Solutions for wind power projects
India’s wind energy sector has witnessed significant growth, with an installed wind energy capacity of 48 GW. With the expansion of the sector, the O&M practices have also evolved to ensure the longevity and efficiency of wind power assets.
O&M plays a crucial role in the wind energy industry, directly impacting turbine performance and energy output. Typically, O&M activities for wind power include routine inspections, preventive maintenance and timely repairs. These strategies not only enhance turbine reliability but also reduce the LCOE. Some major factors driving the demand for technological innovations in the sector are ageing wind power components, supply chain constraints and the unavailability of spare parts, which extend the turbine downtime. While some original equipment manufacturers offer full-scope O&M services, independent power producers (IPPs) prefer in-house or hybrid models to control costs and performance.

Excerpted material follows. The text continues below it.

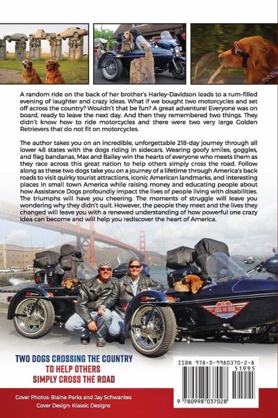 A random ride on the back of her brother's Harley-Davidson leads to a rum-filled evening of laughter and crazy ideas. What if we bought two motorcycles and set off across the country? Wouldn't that be fun? A great adventure! Everyone was on board, ready to leave the next day. And then they remembered two things. They didn't know how to ride motorcycles and there were two very large Golden Retrievers that do not fit on motorcycles. The author takes you on an incredible, unforgettable 218-day journey through all lower 48 states with the dogs riding in sidecars. Wearing goofy smiles, goggles, and flag bandanas, Max and Bailey win the hearts of everyone who meets them as they race across this great nation to help others simply cross the road. Follow along as these two dogs take you on a journey of a lifetime through America's back roads to visit quirky tourist attractions, iconic American landmarks, and interesting places in small town America while raising money and educating people about how Assistance Dogs profoundly impact the lives of people living with disabilities. The triumphs will have you cheering. The moments of struggle will leave you wondering why they didn't quit. However, the people they meet and the lives they changed will leave you with a renewed understanding of how powerful one crazy idea can become and will help you rediscover the heart of America.

In India, factors like extreme weather conditions, remote sites and variations in topography shape O&M strategies. Predictive maintenance powered by data analytics and machine learning enables operators to anticipate component failures and schedule proactive interventions. To inspect blades for reparations and avoid risks, operators are increasingly using drone technology and robotics. SCADA platforms are used for remote monitoring systems to gain real-time insights on turbine performance.
Another key trend is the emergence of offshore wind projects in India. Although the Indian wind segment is predominantly onshore, the recent announcement of viability gap funding (VGF) for 4 GW of offshore wind projects in Gujarat and Tamil Nadu is expected to drive a new set of trends. To accelerate offshore wind development, the Ministry of New and Renewable Energy (MNRE) has proposed VGF for the first 4 GW of offshore projects in Gujarat and Tamil Nadu. Offshore wind O&M, in particular, relies heavily on remote monitoring, AI-driven diagnostics and autonomous drones to minimise physical interventions in challenging marine environments. Furthermore, advanced measures for preventing wind turbine failures using equipment information are likely to gain traction.
However, cybersecurity has emerged as a critical concern. In the Indian context, the growing adoption of IoT platforms and digital twins by IPPs highlights the urgent need for robust cybersecurity protocols, encrypted communication and regular audits to safeguard wind assets.
Conclusion
As India expands its solar and wind power base, O&M will be crucial for maintaining optimal asset performance. The sector is moving towards a data-centric, cyber-secure and cost-optimised O&M model. Trends such as predictive maintenance, digital twins, remote monitoring, robotic cleaning and aerial thermography are transforming O&M into a more proactive and data-centric function. These innovations not only help reduce downtime and operational costs but also enhance the overall efficiency and sustainability of renewable energy assets.